The director eyed Bobir, chuckling slyly. "You take engines to pieces! That's the spirit! And who puts them together again after you?"

"I can put them together myself, if there's need. Depends on the engine. If it's a Sunbeam motor-bike, I can do it easy as pie," Sasha could not help boasting.

"I'll have to put you into RIP then," the director decided.

"How do you mean, 'RIP'?" Sasha's voice trembled slightly.

"That's what one of our departments is called—the Repair, Instrument, and Power department. We call it RIP, because it's easier to say. RIP caters for all the other departments."

Going through our passes again, the director said: "Well, you, young people, for right or wrong, I'm going to take you on at the works. Why do I make such a favour of it, you'll ask. Because in our country there is still unemployment. We've got lots of people and, as yet, not many factories.

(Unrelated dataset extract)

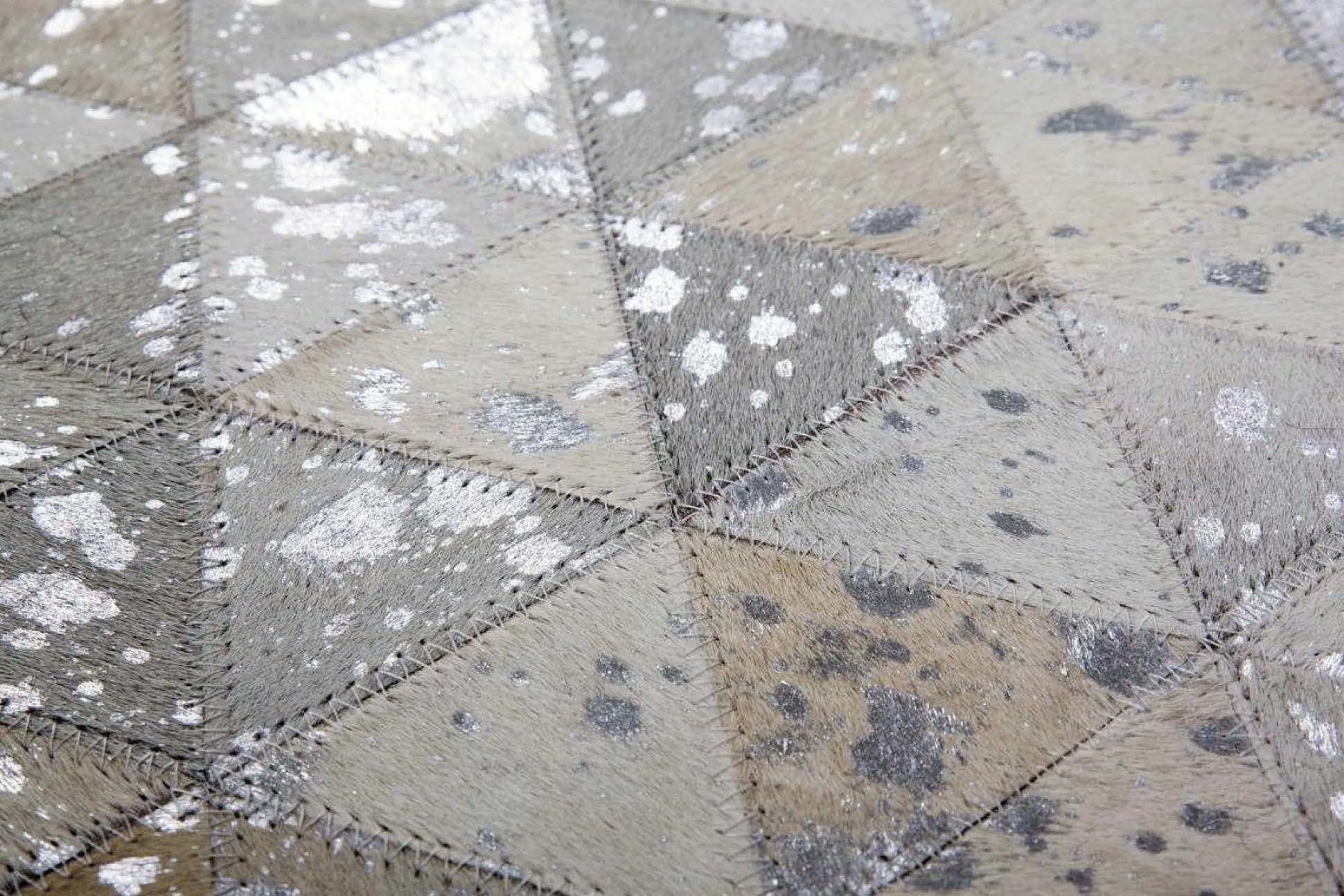 · Metallische Applikationen auf echtem Leder mit weichem Haar zeichnen diesen Teppich aus. Holen Sie sich den individuellen Hingucker nach Hause und Ihre Besucher werden staunen. Basis des Lederteppichs im Patchwork-Design bilden verschiedene Nuancen eines Farbtons. Die aufgedruckte metallische Folie ist der besondere Clou des Teppichs, setzt Akzente und lässt den Teppich strahlen. Es gibt keine identischen Tierfelle. Ebenso ist jeder einzelne dieser Lederteppiche durch natürliche Abweichungen in Größe, Farbgebung, Muster und Struktur einzigartig. Die Unikate werden durch das Folien-Dekor in bunten Farben, Gold oder Silber abgerundet. Aus dem Naturmaterial Leder wurde in liebevoller Handarbeit ein hochwertiger Teppich hergestellt, der neben seiner Widerstandsfähigkeit und Robustheit auch dadurch glänzt, dass er lichtecht und einfach zu reinigen ist. Weicher Filz schließt die Unterseite des Lederteppichs ab und unterstützt die Wärmeisolierung und Geräuschdämmung. Auch Räume mit Fußbodenheizungen sind für den Teppich kein Problem.In Kombination mit attraktiven Lederkissen, platziert auf Ihrer Couch oder dekorativ auf Stühlen, schaffen Sie ein gelungenes Gesamtkonzept. Das natürliche Fell kann nach einiger Zeit und bei hoher kann Beanspruchung gegebenenfalls an Haaren verlieren. Ebenso könnte sich der Foliendruck an einigen Stellen lösen. Dies ist dem Naturprodukt geschuldet und kein Qualitätsmangel oder Produktionsfehler.

But that will pass, I'm sure. Very soon we shall get rid of unemployment, just as we've got rid of other troubles. We'll build new factories and maybe, one day, no one will believe that there ever was such a thing as unemployment in Soviet times. But at the moment it exists... All right then, go round the works today, get your papers in order, and tomorrow, at the sound of the hooter, report to the foremen. If you'd been local lads, I'd have sent you to queue up at the labour exchange. But sometimes, I repeat, we have to make exceptions. But mind you work well, to the best of your ability! -Get it? No shirking or turning up late! This is a Soviet works. Get it? We've sent the old owner, John Caiworth, packing, and taken the business we built for him into our own hands. It's to our own advantage to run the works properly. We value and respect workers who treat the works as their own.. . Any Komsomol members among you?"

"All of us," Sasha put in hastily. "And Vasil was even on the committee!"

"All the better!" the director said gladly. "Those Komsomol lads are a great help to us. When you've signed up in your shops, go to the works Komsomol committee and see Golovatsky. Put your names down there and start your new life."